— WORK REQUEST —
A faithful copy of the entries is required, with no images in it.

Segment Open

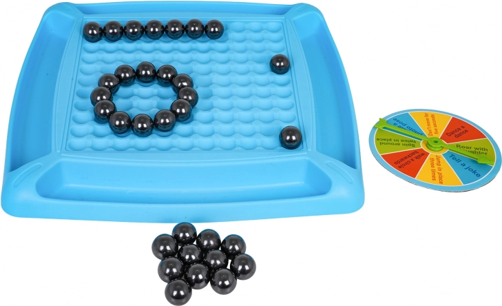 Jeu de société magnétique pour enfants dès 8 ans. 32 billes, roue de défis et 3 variantes de jeu pour développer la dextérité, la créativité et s’amuser à deux.
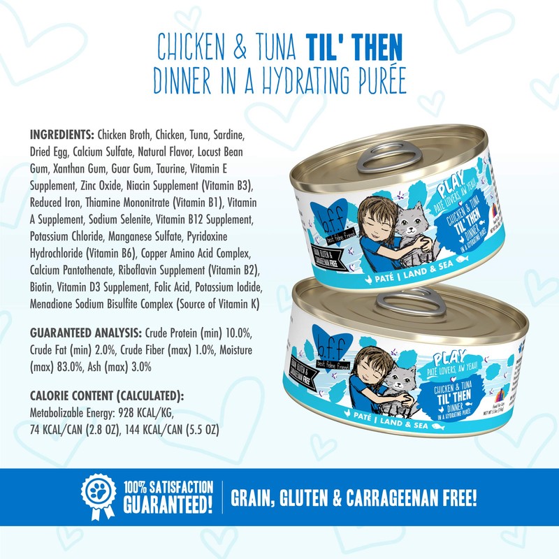 - Chicken & Tuna Til' Then (5.5oz Can, Pack of 8) Cage-free chicken and red-meat tuna gently pureed into a creamy and delicious paté!
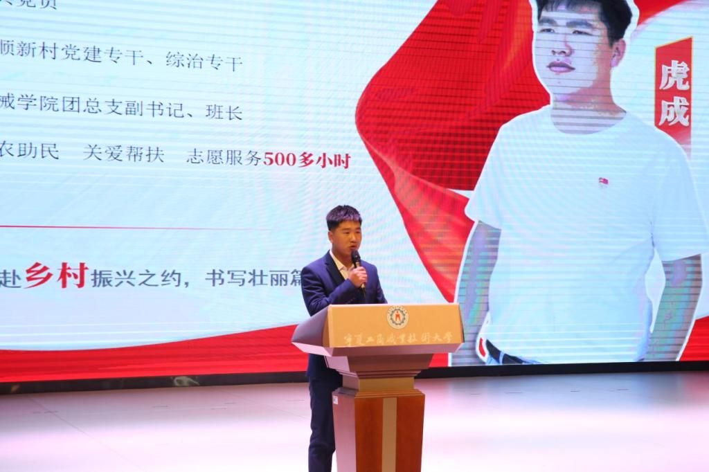 “学模范”环节邀请青年榜样现场分享,用真实经历诠释“感恩”如何转化为“报国”行动。2025届优秀毕业生虎成分享了毕业后回到家乡,利用技能助力家乡产业发展的事迹。从校园学子到家乡建设的参与者,他用所学回报家乡,让“感恩” 有了最生动的模样。
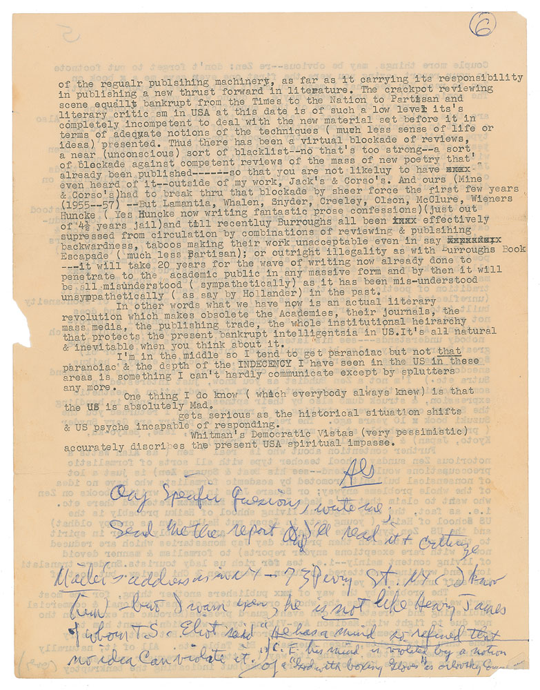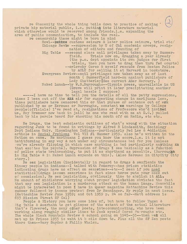 Ginsberg provides a lengthy list of said material, then continues: "re Obscenity the whole thing boils down to practice of making private hip material public, i.e. putting into literature material which otherwise would be reserved among friends. i.e expanding the area of public communication, to include the real. re censorship these might be born in mind: Howl—customs seizure & later police seizure, trial etc., Chicago Review—supression by U of Chi academic creeps, resignation of editors and founding of, Big Table—second class mail privileges taken away by Summerfield. Trials now on…orlovsky Corso & myself rescude from Boston Police by ACLU for selling it at Harvard in bookstore., Evergreen Review—mail privileges now taken away as of last month…Naked Lunch—by W.S.Burroughs—Olympia press, unavailable in US (Grove will print it later precipitating another legal hassle I suppose)—I have no time to tell you the details of all the petty supressions, times I have been cut off the air for suggesting change in marijuana laws, times publishers have censored this or that phrase or sentence out of work published by me or Kerouac or Burroughs, constant warnings…
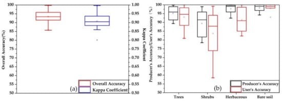 UAV images corresponding to 102 plots were classified in this study (e.g., Figure 4). The classification accuracy of all the UAV images was assessed using the error matrix method [], and the accuracy metrics of the classification are illustrated in Figure 5. As can be seen, the average overall accuracy and the Kappa coefficient are 93.44% and 0.91, respectively, and the average producer’s accuracy and user’s accuracy are 94.11 and 93.90% for all plots, respectively. It can also be seen that the classification accuracy of the bare soil is the highest, and the classification accuracy of the shrub is the lowest. This classification was then used for calculating the canopy coverage of woody and herbaceous vegetation.
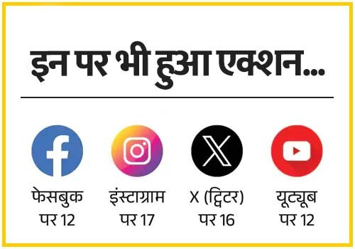 इसके साथ ही केंद्र सरकार ने 12 फेसबुक अकाउंट, 17 इंस्टाग्राम हैंडल, 16 एक्स (पहले टि्वटर नाम से मशहूर) आईडी और 12 यूट्यूब चैनल को भी ब्लॉक कर दिया है।

Segment Closed

— RESPONSE TO THIS TASK —
 Jeu de société magnétique pour enfants dès 8 ans. 32 billes, roue de défis et 3 variantes de jeu pour développer la dextérité, la créativité et s’amuser à deux.
 - Chicken & Tuna Til' Then (5.5oz Can, Pack of 8) Cage-free chicken and red-meat tuna gently pureed into a creamy and delicious paté!
 “学模范”环节邀请青年榜样现场分享,用真实经历诠释“感恩”如何转化为“报国”行动。2025届优秀毕业生虎成分享了毕业后回到家乡,利用技能助力家乡产业发展的事迹。从校园学子到家乡建设的参与者,他用所学回报家乡,让“感恩” 有了最生动的模样。
 Ginsberg provides a lengthy list of said material, then continues: "re Obscenity the whole thing boils down to practice of making private hip material public, i.e. putting into literature material which otherwise would be reserved among friends. i.e expanding the area of public communication, to include the real. re censorship these might be born in mind: Howl—customs seizure & later police seizure, trial etc., Chicago Review—supression by U of Chi academic creeps, resignation of editors and founding of, Big Table—second class mail privileges taken away by Summerfield. Trials now on…orlovsky Corso & myself rescude from Boston Police by ACLU for selling it at Harvard in bookstore., Evergreen Review—mail privileges now taken away as of last month…Naked Lunch—by W.S.Burroughs—Olympia press, unavailable in US (Grove will print it later precipitating another legal hassle I suppose)—I have no time to tell you the details of all the petty supressions, times I have been cut off the air for suggesting change in marijuana laws, times publishers have censored this or that phrase or sentence out of work published by me or Kerouac or Burroughs, constant warnings…
 UAV images corresponding to 102 plots were classified in this study (e.g., Figure 4). The classification accuracy of all the UAV images was assessed using the error matrix method [], and the accuracy metrics of the classification are illustrated in Figure 5. As can be seen, the average overall accuracy and the Kappa coefficient are 93.44% and 0.91, respectively, and the average producer’s accuracy and user’s accuracy are 94.11 and 93.90% for all plots, respectively. It can also be seen that the classification accuracy of the bare soil is the highest, and the classification accuracy of the shrub is the lowest. This classification was then used for calculating the canopy coverage of woody and herbaceous vegetation.
 इसके साथ ही केंद्र सरकार ने 12 फेसबुक अकाउंट, 17 इंस्टाग्राम हैंडल, 16 एक्स (पहले टि्वटर नाम से मशहूर) आईडी और 12 यूट्यूब चैनल को भी ब्लॉक कर दिया है।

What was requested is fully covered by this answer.